*** Opening of DATA ***

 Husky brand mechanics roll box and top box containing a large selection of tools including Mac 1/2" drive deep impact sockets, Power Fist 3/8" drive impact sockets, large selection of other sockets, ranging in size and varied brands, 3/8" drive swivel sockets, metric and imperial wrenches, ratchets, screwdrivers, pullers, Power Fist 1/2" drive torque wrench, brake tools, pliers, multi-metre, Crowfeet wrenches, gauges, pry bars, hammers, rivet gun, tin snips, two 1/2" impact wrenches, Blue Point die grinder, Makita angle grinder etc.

*** Close of DATA ***
*** Opening of DATA ***

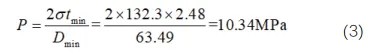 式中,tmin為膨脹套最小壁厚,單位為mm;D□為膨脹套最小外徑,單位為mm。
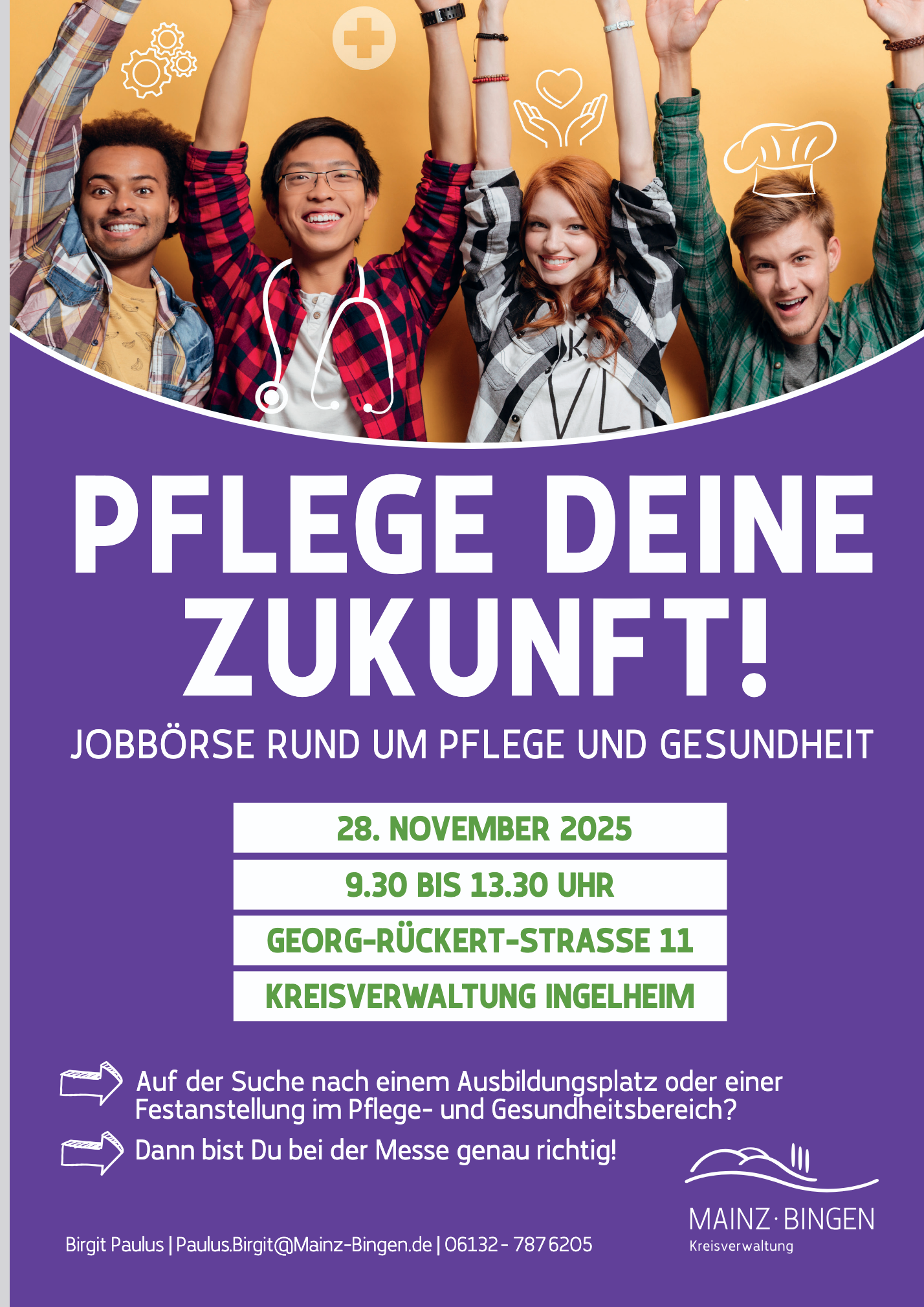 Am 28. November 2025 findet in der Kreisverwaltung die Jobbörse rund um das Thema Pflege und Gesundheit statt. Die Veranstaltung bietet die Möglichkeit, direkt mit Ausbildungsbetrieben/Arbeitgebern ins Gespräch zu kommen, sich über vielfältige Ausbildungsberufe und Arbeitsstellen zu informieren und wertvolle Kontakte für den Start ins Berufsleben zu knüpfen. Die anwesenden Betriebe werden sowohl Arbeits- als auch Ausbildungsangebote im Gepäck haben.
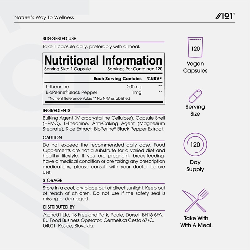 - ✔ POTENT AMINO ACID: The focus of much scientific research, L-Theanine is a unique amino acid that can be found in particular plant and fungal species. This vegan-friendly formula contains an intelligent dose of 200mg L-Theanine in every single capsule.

*** Close of DATA ***
*** Opening of DATA ***

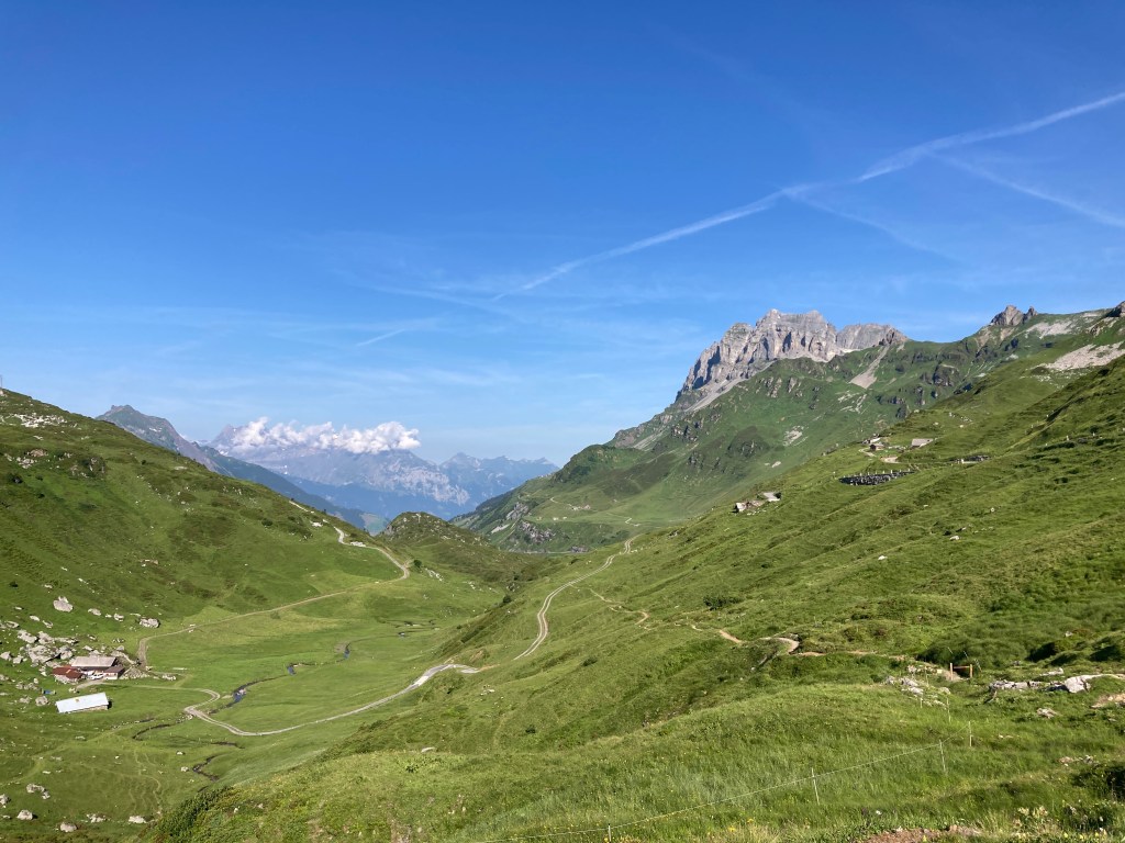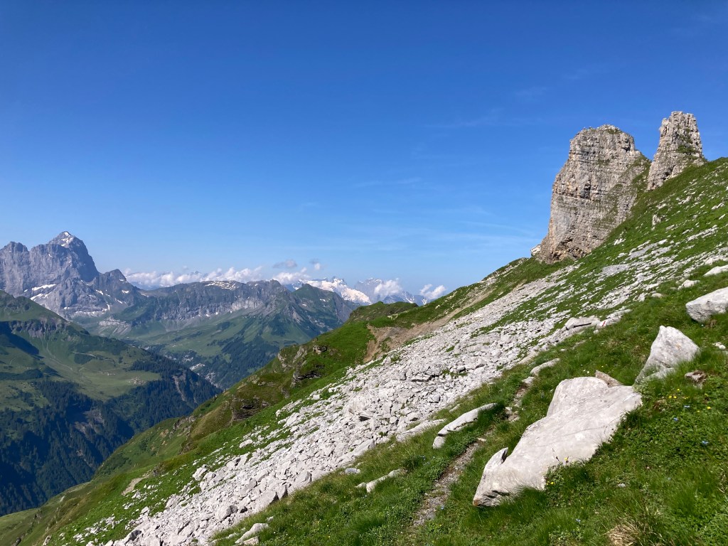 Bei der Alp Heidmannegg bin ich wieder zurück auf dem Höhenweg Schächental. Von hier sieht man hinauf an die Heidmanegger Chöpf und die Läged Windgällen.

*** Close of DATA ***

• DESCRIPTION OF THE TASK: Both the line above containing "Am 28. November" and the line containing "- ✔ POTENT AMINO" belong in the copy, along with every line between them; print these exactly and omit the pictures.

• ANSWER TO THE EXERCISE:
 Am 28. November 2025 findet in der Kreisverwaltung die Jobbörse rund um das Thema Pflege und Gesundheit statt. Die Veranstaltung bietet die Möglichkeit, direkt mit Ausbildungsbetrieben/Arbeitgebern ins Gespräch zu kommen, sich über vielfältige Ausbildungsberufe und Arbeitsstellen zu informieren und wertvolle Kontakte für den Start ins Berufsleben zu knüpfen. Die anwesenden Betriebe werden sowohl Arbeits- als auch Ausbildungsangebote im Gepäck haben.
 - ✔ POTENT AMINO ACID: The focus of much scientific research, L-Theanine is a unique amino acid that can be found in particular plant and fungal species. This vegan-friendly formula contains an intelligent dose of 200mg L-Theanine in every single capsule.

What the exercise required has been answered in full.